## Your objective
The answer must be a word-for-word copy of the records below, with every picture left out.

----------------

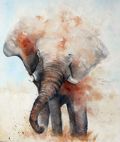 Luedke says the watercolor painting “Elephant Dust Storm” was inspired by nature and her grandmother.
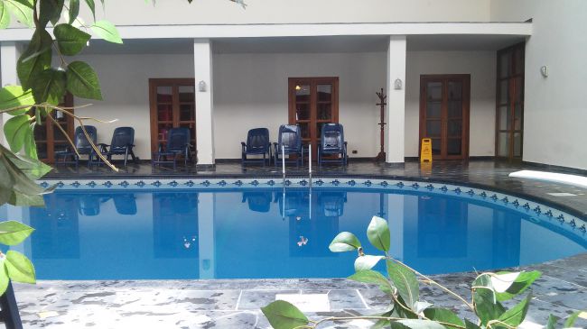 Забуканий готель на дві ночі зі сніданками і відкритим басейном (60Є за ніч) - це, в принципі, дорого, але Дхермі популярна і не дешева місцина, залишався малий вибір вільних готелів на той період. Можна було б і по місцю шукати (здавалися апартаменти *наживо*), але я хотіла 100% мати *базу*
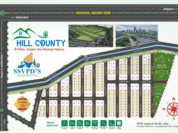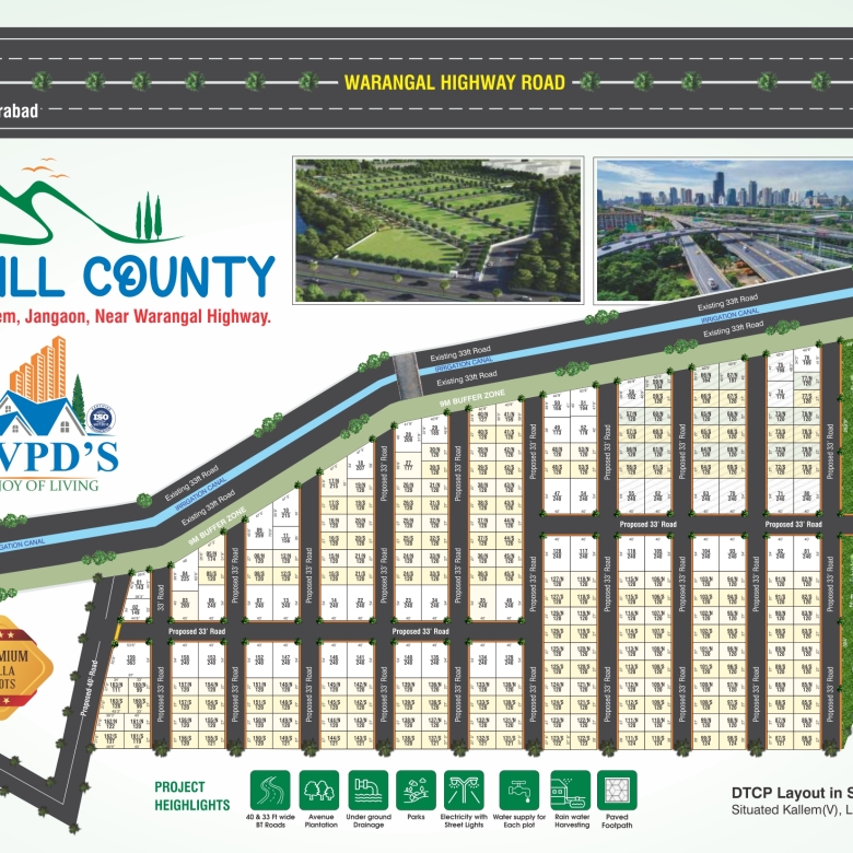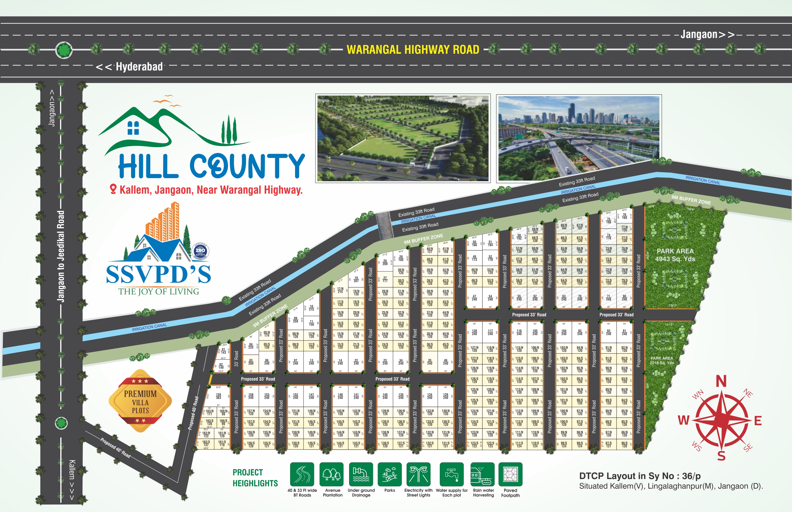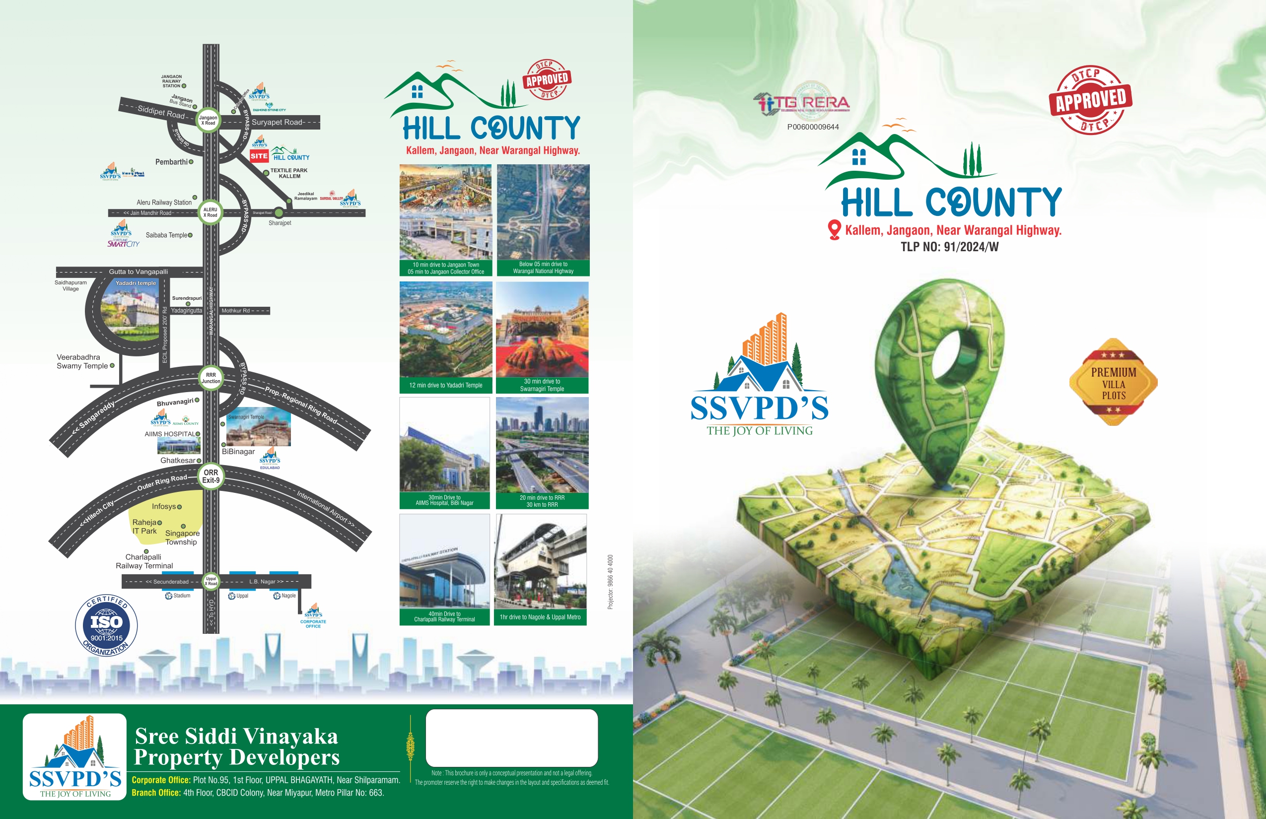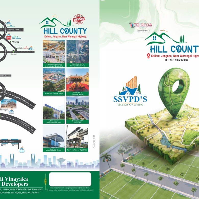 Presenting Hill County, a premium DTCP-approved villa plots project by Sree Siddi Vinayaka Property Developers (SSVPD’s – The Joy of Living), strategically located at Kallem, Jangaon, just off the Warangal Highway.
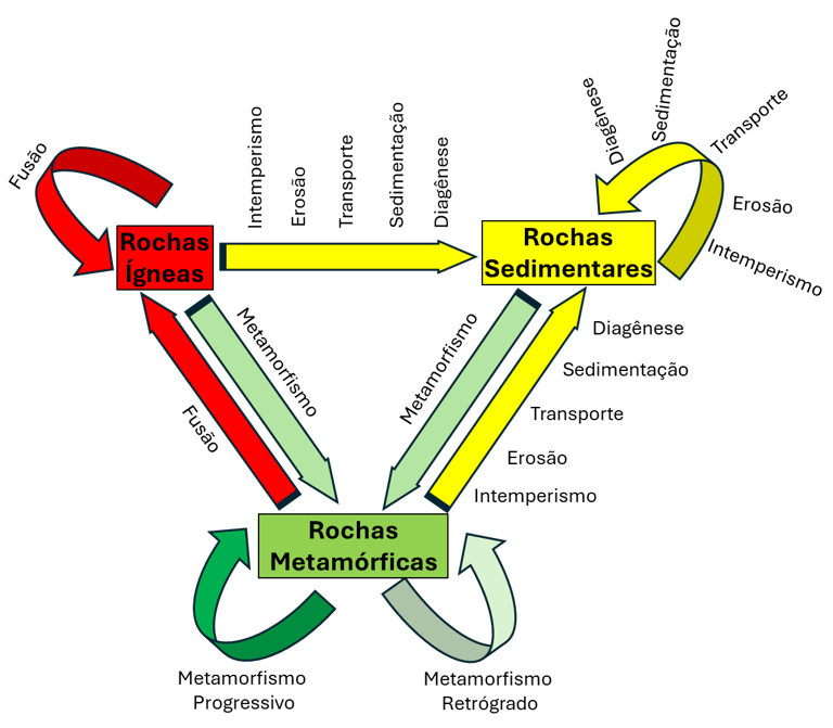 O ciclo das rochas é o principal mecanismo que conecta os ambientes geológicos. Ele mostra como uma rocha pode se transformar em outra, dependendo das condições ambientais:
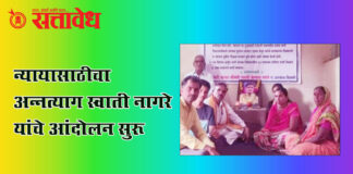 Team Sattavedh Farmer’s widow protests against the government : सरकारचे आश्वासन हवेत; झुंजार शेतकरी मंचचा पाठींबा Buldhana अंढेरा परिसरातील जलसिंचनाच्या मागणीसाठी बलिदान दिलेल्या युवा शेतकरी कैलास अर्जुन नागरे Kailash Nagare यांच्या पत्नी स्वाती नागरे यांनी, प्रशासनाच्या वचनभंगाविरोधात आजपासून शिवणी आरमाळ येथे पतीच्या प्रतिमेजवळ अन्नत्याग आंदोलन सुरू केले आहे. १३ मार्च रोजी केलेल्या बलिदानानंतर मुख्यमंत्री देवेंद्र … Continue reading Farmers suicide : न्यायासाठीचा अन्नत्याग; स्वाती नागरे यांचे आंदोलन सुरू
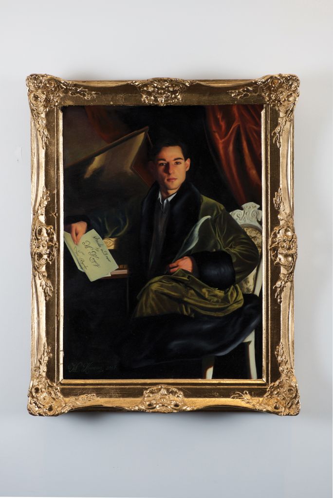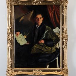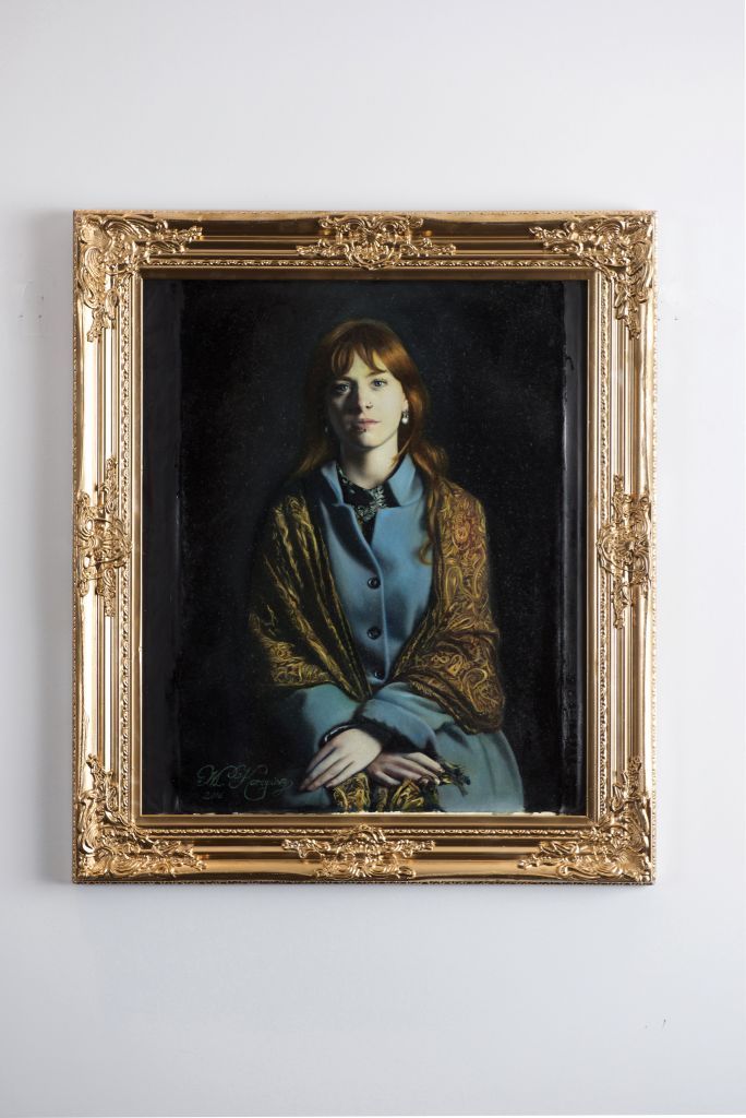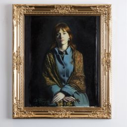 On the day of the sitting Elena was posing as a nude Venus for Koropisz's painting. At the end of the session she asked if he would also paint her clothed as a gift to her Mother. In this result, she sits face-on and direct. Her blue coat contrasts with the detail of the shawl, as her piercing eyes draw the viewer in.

----------------

## Your solution
 Luedke says the watercolor painting “Elephant Dust Storm” was inspired by nature and her grandmother.
 Забуканий готель на дві ночі зі сніданками і відкритим басейном (60Є за ніч) - це, в принципі, дорого, але Дхермі популярна і не дешева місцина, залишався малий вибір вільних готелів на той період. Можна було б і по місцю шукати (здавалися апартаменти *наживо*), але я хотіла 100% мати *базу*
 Presenting Hill County, a premium DTCP-approved villa plots project by Sree Siddi Vinayaka Property Developers (SSVPD’s – The Joy of Living), strategically located at Kallem, Jangaon, just off the Warangal Highway.
 O ciclo das rochas é o principal mecanismo que conecta os ambientes geológicos. Ele mostra como uma rocha pode se transformar em outra, dependendo das condições ambientais:
 Team Sattavedh Farmer’s widow protests against the government : सरकारचे आश्वासन हवेत; झुंजार शेतकरी मंचचा पाठींबा Buldhana अंढेरा परिसरातील जलसिंचनाच्या मागणीसाठी बलिदान दिलेल्या युवा शेतकरी कैलास अर्जुन नागरे Kailash Nagare यांच्या पत्नी स्वाती नागरे यांनी, प्रशासनाच्या वचनभंगाविरोधात आजपासून शिवणी आरमाळ येथे पतीच्या प्रतिमेजवळ अन्नत्याग आंदोलन सुरू केले आहे. १३ मार्च रोजी केलेल्या बलिदानानंतर मुख्यमंत्री देवेंद्र … Continue reading Farmers suicide : न्यायासाठीचा अन्नत्याग; स्वाती नागरे यांचे आंदोलन सुरू
 On the day of the sitting Elena was posing as a nude Venus for Koropisz's painting. At the end of the session she asked if he would also paint her clothed as a gift to her Mother. In this result, she sits face-on and direct. Her blue coat contrasts with the detail of the shawl, as her piercing eyes draw the viewer in.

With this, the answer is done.